**Aim of the exercise**:
Transcribe the listing verbatim. Do not carry over any pictures.

**Recorded data**:
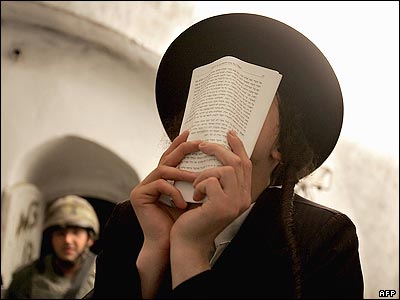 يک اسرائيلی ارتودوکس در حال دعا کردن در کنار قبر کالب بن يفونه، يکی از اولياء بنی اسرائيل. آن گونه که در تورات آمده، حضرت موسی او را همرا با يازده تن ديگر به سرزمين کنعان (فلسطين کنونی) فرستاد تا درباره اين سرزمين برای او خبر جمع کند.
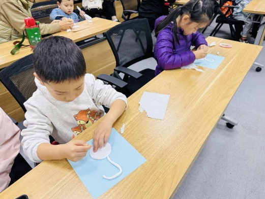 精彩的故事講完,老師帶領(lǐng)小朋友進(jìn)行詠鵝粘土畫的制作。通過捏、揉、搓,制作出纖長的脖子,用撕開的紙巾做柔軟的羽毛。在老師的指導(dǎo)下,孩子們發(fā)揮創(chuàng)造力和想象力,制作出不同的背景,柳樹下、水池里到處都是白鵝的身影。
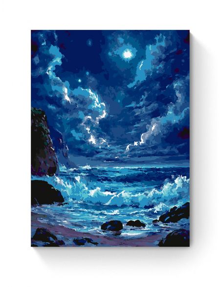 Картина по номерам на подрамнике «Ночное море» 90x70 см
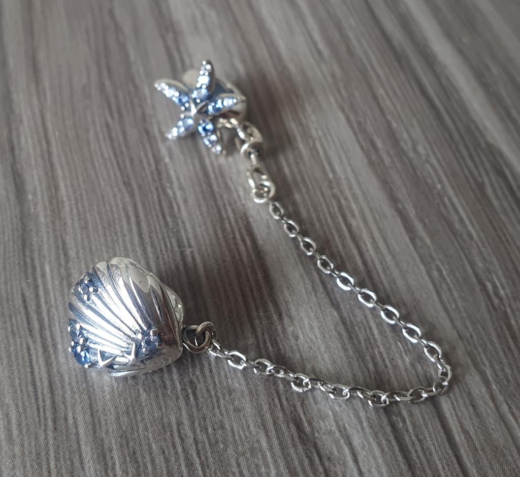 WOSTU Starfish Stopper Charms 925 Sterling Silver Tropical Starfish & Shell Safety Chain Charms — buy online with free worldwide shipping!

**Written response**:
 يک اسرائيلی ارتودوکس در حال دعا کردن در کنار قبر کالب بن يفونه، يکی از اولياء بنی اسرائيل. آن گونه که در تورات آمده، حضرت موسی او را همرا با يازده تن ديگر به سرزمين کنعان (فلسطين کنونی) فرستاد تا درباره اين سرزمين برای او خبر جمع کند.
 精彩的故事講完,老師帶領(lǐng)小朋友進(jìn)行詠鵝粘土畫的制作。通過捏、揉、搓,制作出纖長的脖子,用撕開的紙巾做柔軟的羽毛。在老師的指導(dǎo)下,孩子們發(fā)揮創(chuàng)造力和想象力,制作出不同的背景,柳樹下、水池里到處都是白鵝的身影。
 Картина по номерам на подрамнике «Ночное море» 90x70 см
 WOSTU Starfish Stopper Charms 925 Sterling Silver Tropical Starfish & Shell Safety Chain Charms — buy online with free worldwide shipping!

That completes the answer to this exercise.